Problem: Find the work done by the force field F(x,y)=<xcos(y), y^2> on a particle that moves along y=x^2 from (-1,1) to (3,9).
So I would be able to do this no problem if it weren't for the y=x^2. That's the part that's messing me up. Normally, you find the equation of the line between the two points, so in this case it would be r(t)=<-1+4t, 1+8t> and then you would find the derivative of that, r'(t)=<4,8> and then find F(r(t))=<(-1+4t)cos(1+8t), (1+8t)^2> then dot the F(r(t)) with r'(t) but what do you do with the y=x^2? I have a feeling it's going to have an effect on r but I can't determine what effect it will have. Cause instead of it having a straight line it's curved so technically finding the equation of the line wouldn't work, correct? So what do I do?! Any help is greatly appreciated!
Eep, okay so I thought I got it but the example doesn't deal with work. It deals with a basic integral where you are already given the formula to integrate. I know the formula comes out to F(r(t)) dotted with r'(t) but in this case, we have the curve to integrate on so we need to make it in terms of the curve. So it should be in terms of x, right? Gah, I'm confusing myself. Can someone help clear this up a bit?
Well the method should be the following:
We want a unit vector in the dx direction, so this will be along the line tangent to y = x^2. So get that unit vector. This will be a function of x.
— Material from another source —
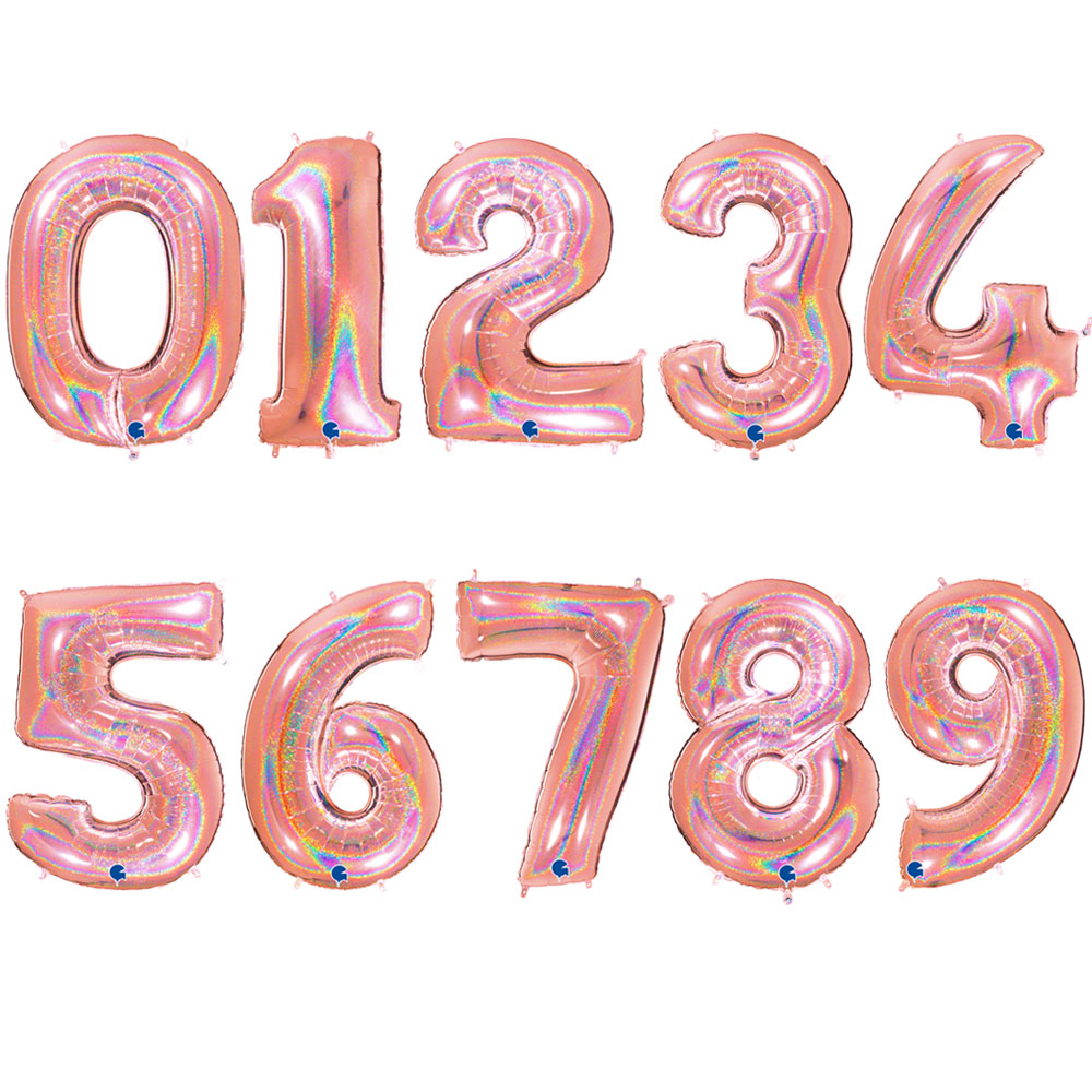 Sifferballong Holografisk Roseguld består av en ballong i form av olika siffror i snyggt glittrigt roseguld. Ballongerna har även små öglor där ett ballongsnöre enkelt kan fästas.

Multiply this unit vector by dx to get your vector dx. Now sub in y = x^2 into your field, take your dot product, and integrate. (Trouble is that I'm getting a seriously bad integral from this, so I'm assuming I did something wrong to the calculation.)
-Dan
This problem is starting to majorly confuse me. My professor said he did it in about an hour, the entire list of problems. So far I'm at over 2 hours working on it and 8 out of the 10 completed.
I know when we worked on these problems in class, we just did the basic work forms, nothing dealing with a curve in the mix and there are no examples. I'm wondering if instead of taking the line with respect to t, would we take it instead with respect to x so the line comes out with -1+4x and 1+8x? Because for regular integral problems, we were told to take dy, in this case it would be 2xdx and that would be the ending part to the integral if we leave it in terms of x and y.